# Neuspeed rear sways starting at $159.95 shipped!



## MJM Autohaus (Oct 20, 2003)

*******************FREE SHIPPING*******************

We're currently taking orders for both 19mm and 22mm Neuspeed rear sway bar kits. 19mm kits and 22mm kits are in stock and ready to ship.
Neuspeed 19mm kits for your Audi TT Quattro - $159.95 shipped!
Neuspeed 22mm kits for your Audi TT Quattro - $184.95 shipped!
Paypal accepted at [email protected] or feel free to call and place your order by phone with your Visa or Mastercard.
Phone : (210).DUB.PART

















*Feel free to IM or email us about other great specials on Neuspeed products!*



_Modified by M.J.M. at 12:37 AM 1-11-2006_


----------



## Blue TTop (Nov 21, 2003)

*Re: Neuspeed rear sways starting at $159.95 shipped! (M.J.M.)*

Is the shipping free to ALL locations as implied?


----------



## carsluTT (Dec 31, 2004)

*Re: Neuspeed rear sways starting at $159.95 shipped! (M.J.M.)*

i have an 19mm neuspeed sway bar i have never installed...... maybe i should...... anyone have there impressoin on how this affects the car?.... i got mine free a bit back so i never botherd to use it thinkig it wasnt all that big of a change.....


----------



## MJM Autohaus (Oct 20, 2003)

*Re: Neuspeed rear sways starting at $159.95 shipped! (M.J.M.)*


_Quote, originally posted by *Blue TTop* »_Is the shipping free to ALL locations as implied?









Shipping to Canada, Hawaii and Alaska would be extra.
Sorry, we should have specified that. 
Anyone in those areas can IM us your zip code for exact shipping charges.


----------



## Power5 (Jun 19, 2001)

*Re: Neuspeed rear sways starting at $159.95 shipped! (M.J.M.)*

How much for a front bar?
Does anyone even make one?


----------



## MJM Autohaus (Oct 20, 2003)

*Re: Neuspeed rear sways starting at $159.95 shipped! (Power5)*


_Quote, originally posted by *Power5* »_How much for a front bar?
Does anyone even make one?

Both 22 and 25mm front Neuspeed bars available.
IM sent.


----------



## Power5 (Jun 19, 2001)

*Re: Neuspeed rear sways starting at $159.95 shipped! (M.J.M.)*

I never got a price.

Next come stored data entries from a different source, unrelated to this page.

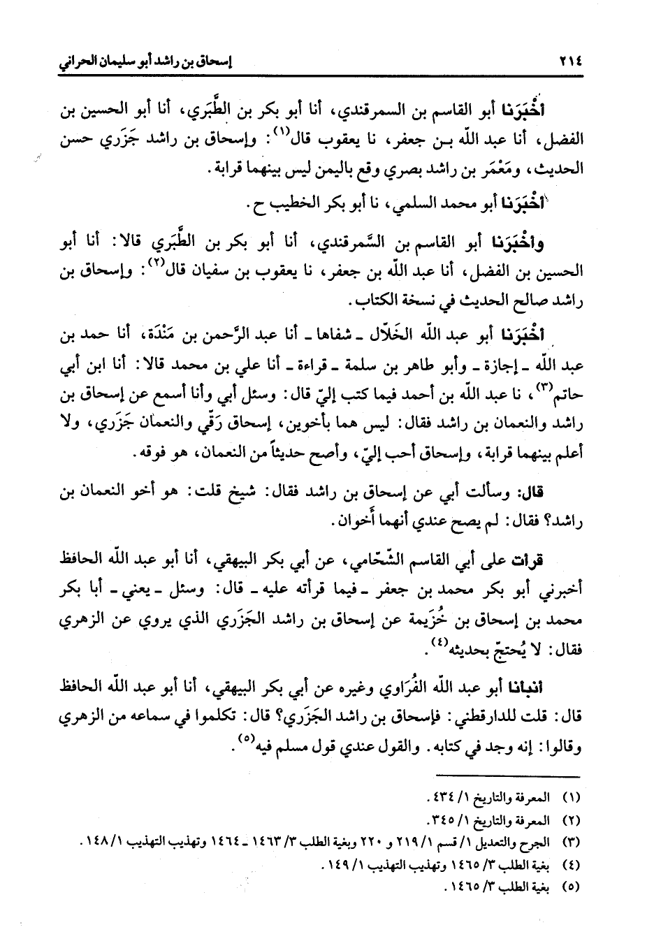 أخبرنا أبو القاسم بن السمرقندي أنا أبو بكر بن الطبري أنا أبو الحسين بن الفضل أنا عبد الله بن جعفر نا يعقوب قال (1) وإسحاق بن راشد جزري حسن الحديث ومعمر بن راشد بصري وقع باليمن ليس بينهما قرابة أخبرنا أبو محمد السلمي نا أبو بكر الخطيب وأخبرنا أبو القاسم بن السمرقندي أنا أبو بكر بن الطبري قالا أنا أبو الحسين بن الفضل أنا عبد الله بن جعفر نا يعقوب بن سفيان قال وإسحاق بن راشد صالح الحديث في نسخة الكتاب أخبرنا أبو عبد الله الخلال شفاها أنا عبد الرحمن بن مندة أنا حمد بن عبد الله إجازة وأبو طاهر بن سلمة قراءة أنا علي بن محمد قالا أنا ابن أبي حاتم (3) نا عبد الله بن أحمد فيما كتب إلي قال وسئل أبي وأنا أسمع عن إسحاق بن راشد والنعمان بن راشد فقال ليس هما بأخوين إسحاق رقي والنعمان جزري ولا أعلم بينهما قرابة وإسحاق أحب إلي وأصح حديثا من النعمان هو فوقه قال وسألت أبى عن إسحاق بن راشد فقال شيخ قلت هو أخو النعمان بن راشد فقال لم يصح عندي أنهما أخوان قرأت على أبي القاسم الشحامي عن أبي بكر البيهقي أنا أبو عبد الله الحافظ أخبرني أبو بكر محمد بن جعفر فيما قرأته عليه قال وسئل يعني أبا بكر محمد بن إسحاق بن خزيمة عن إسحاق بن راشد الجزري الذي يروي عن الزهري فقال لا يحتج بحديثه (4) أنبأنا أبو عبد الله الفراوي وغيره عن أبي بكر البيهقي أنا أبو عبد الله الحافظ قال قلت للدارقطني فإسحاق بن راشد الجزري قال تكلموا في سماعه من الزهري وقالوا إنه وجد في كتابه والقول عندي قول مسلم فيه (5)
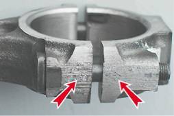 Поршни - заменаДля выполнения работы потребуются оправки для снятия поршневого пальца и обжатия колец. Снятие 1. Устанавливаем автомобиль на смотровую яму или эстакаду (см. "Подготовка автомобиля к ТО и ремонту"). 2. Снимаем с двигателя головку блока цилиндров (см. с. 50 (51), "Прокладка головки блока цилиндров карбюраторного (впрыскового) двигателя - замена"). 3. Снимаем поддон картера двигателя (см. "Поддон картера двигателя - снятие и установка"). 4. Отворачиваем гайки крышек шатунов (не снимая коленчатого вала) и выталкиваем поршень с шатуном из блока цилиндров (см. "Коленчатый вал - снятие и установка"). 5. Вынимаем из крышки шатуна сталеалюминиевый вкладыш. На шатуне и крышке клеймением нанесен номер цилиндра, в который они устанавливаются.
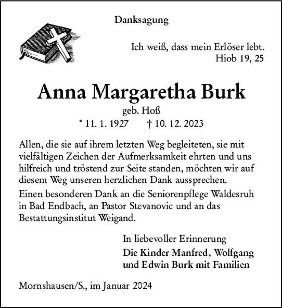 Hier finden Sie alle Traueranzeigen aus der Zeitung, die bisher für Anna Margaretha Burk erschienen sind. Weitere Traueranzeigen, die in der Zeitung erscheinen, werden hier ebenfalls aufgelistet
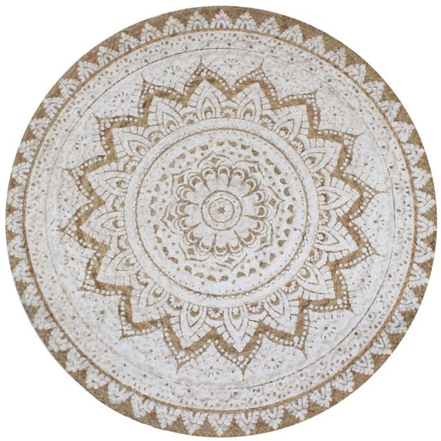 Luo sisätiloihisi luonnollista tunnelmaa punotulla juuttimatollamme. Pyöreä matto on punottu poikkeuksellisen taidokkaasti käsin taitavien käsityöläisten toimesta ja se sopii viehättävän pintarakenteensa ja kauniin Mandala-kuvionsa ansiosta erinomaisesti kotisi sisustukseen.
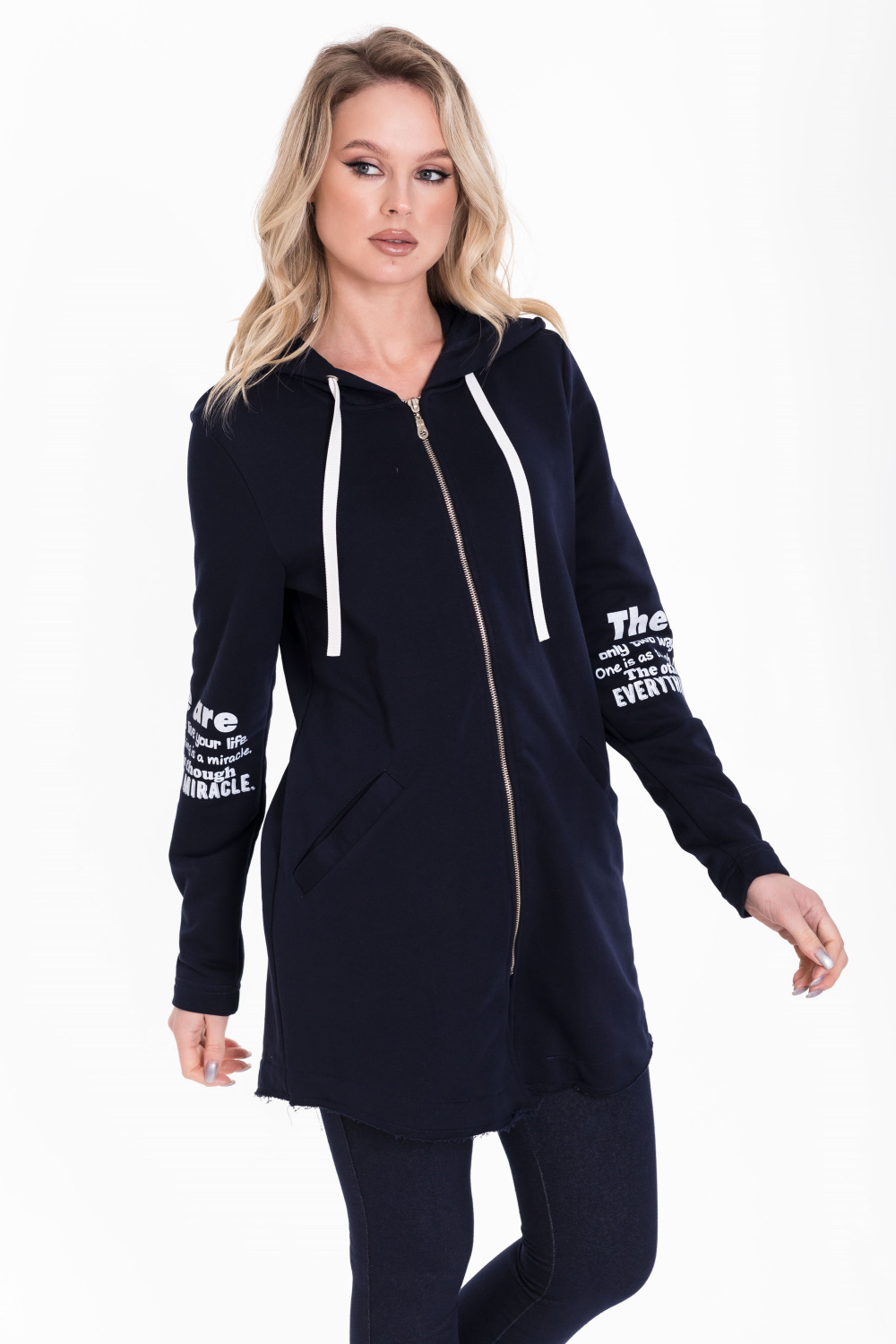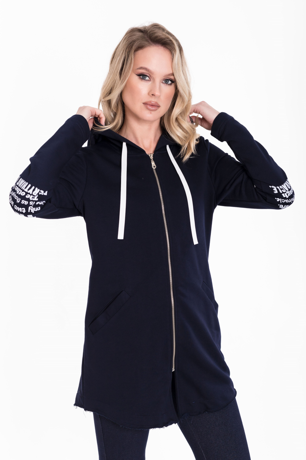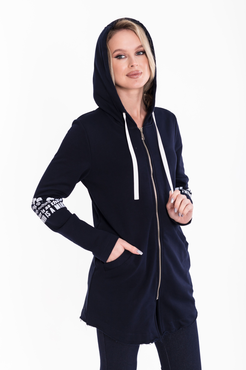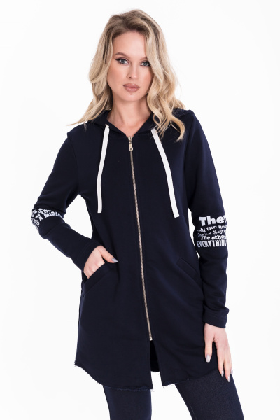 Кардиган с застёжкой на молнию выполнен из однотонного футера трёхнитки (воздушка). С длинным втачным рукавом, с капюшоном и прорезными карманами спереди. Низ кардигана имеет необработанный вид. На рукавах и капюшоне принт. Сзади, в среднем шве разрез.

You just said they were available. I want something no bigger than stock, or close to it.


----------



## MJM Autohaus (Oct 20, 2003)

*Re: Neuspeed rear sways starting at $159.95 shipped! (M.J.M.)*


_Quote, originally posted by *Power5* »_I never got a price. You just said they were available. I want something no bigger than stock, or close to it.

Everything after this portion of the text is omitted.